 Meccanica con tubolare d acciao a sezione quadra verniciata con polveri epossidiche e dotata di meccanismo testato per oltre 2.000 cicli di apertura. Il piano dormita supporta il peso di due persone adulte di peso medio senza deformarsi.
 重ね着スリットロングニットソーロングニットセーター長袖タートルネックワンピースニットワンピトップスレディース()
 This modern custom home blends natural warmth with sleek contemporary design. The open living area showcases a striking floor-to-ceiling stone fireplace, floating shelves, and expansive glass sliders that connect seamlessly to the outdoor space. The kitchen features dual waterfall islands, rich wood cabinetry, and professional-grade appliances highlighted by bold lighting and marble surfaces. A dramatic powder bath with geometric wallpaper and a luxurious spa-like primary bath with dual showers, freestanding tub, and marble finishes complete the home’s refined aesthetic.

==

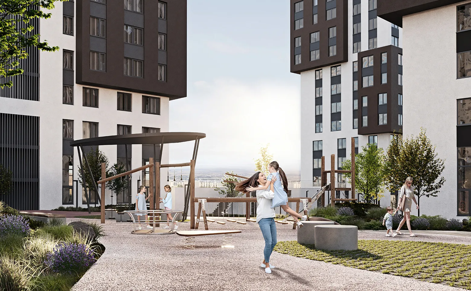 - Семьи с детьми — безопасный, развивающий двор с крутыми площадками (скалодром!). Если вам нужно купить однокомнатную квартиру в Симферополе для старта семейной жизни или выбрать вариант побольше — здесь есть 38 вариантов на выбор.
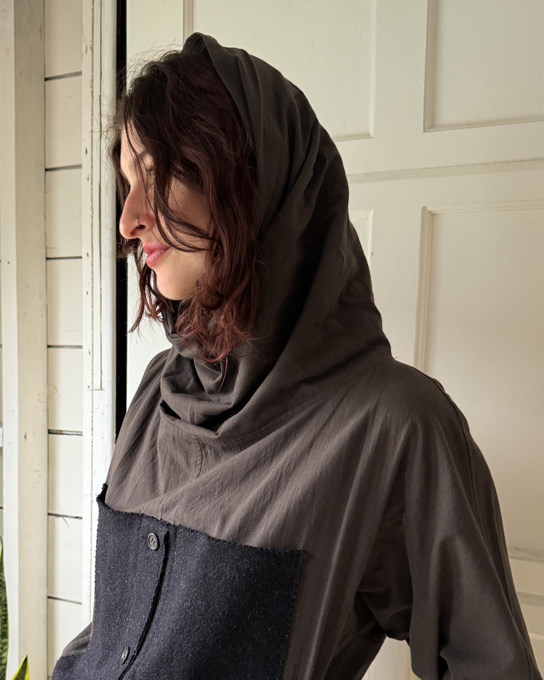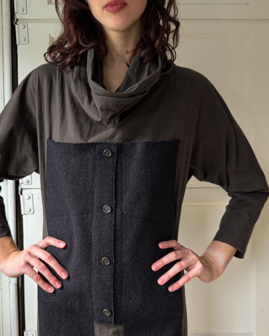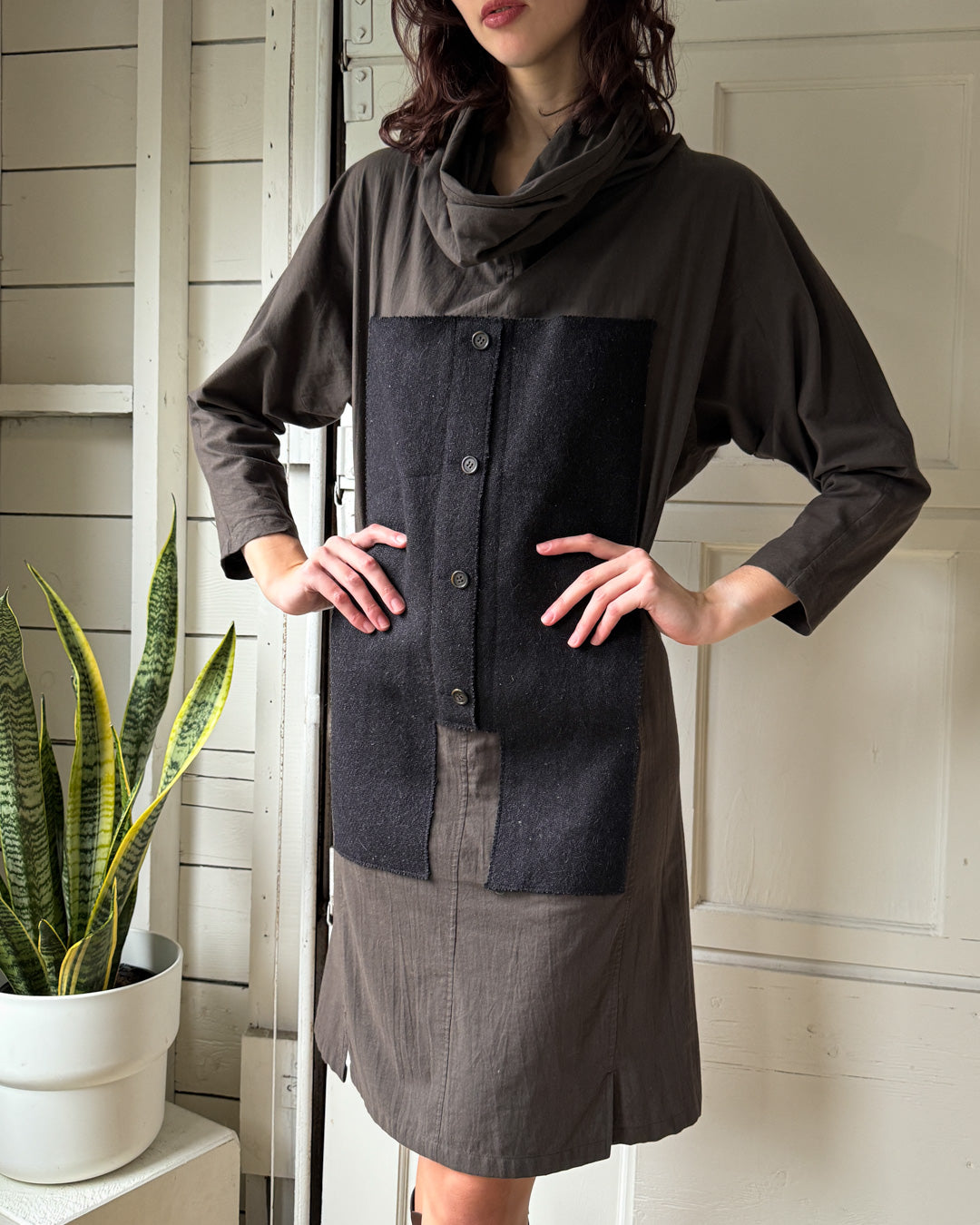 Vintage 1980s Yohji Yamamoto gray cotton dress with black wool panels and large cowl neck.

**Task requirements:**
Output the material above exactly, but only from the line that carries "Meccanica con tubolare" through the line that carries "This modern custom".

**Exercise answer:**
 Meccanica con tubolare d acciao a sezione quadra verniciata con polveri epossidiche e dotata di meccanismo testato per oltre 2.000 cicli di apertura. Il piano dormita supporta il peso di due persone adulte di peso medio senza deformarsi.
 重ね着スリットロングニットソーロングニットセーター長袖タートルネックワンピースニットワンピトップスレディース()
 This modern custom home blends natural warmth with sleek contemporary design. The open living area showcases a striking floor-to-ceiling stone fireplace, floating shelves, and expansive glass sliders that connect seamlessly to the outdoor space. The kitchen features dual waterfall islands, rich wood cabinetry, and professional-grade appliances highlighted by bold lighting and marble surfaces. A dramatic powder bath with geometric wallpaper and a luxurious spa-like primary bath with dual showers, freestanding tub, and marble finishes complete the home’s refined aesthetic.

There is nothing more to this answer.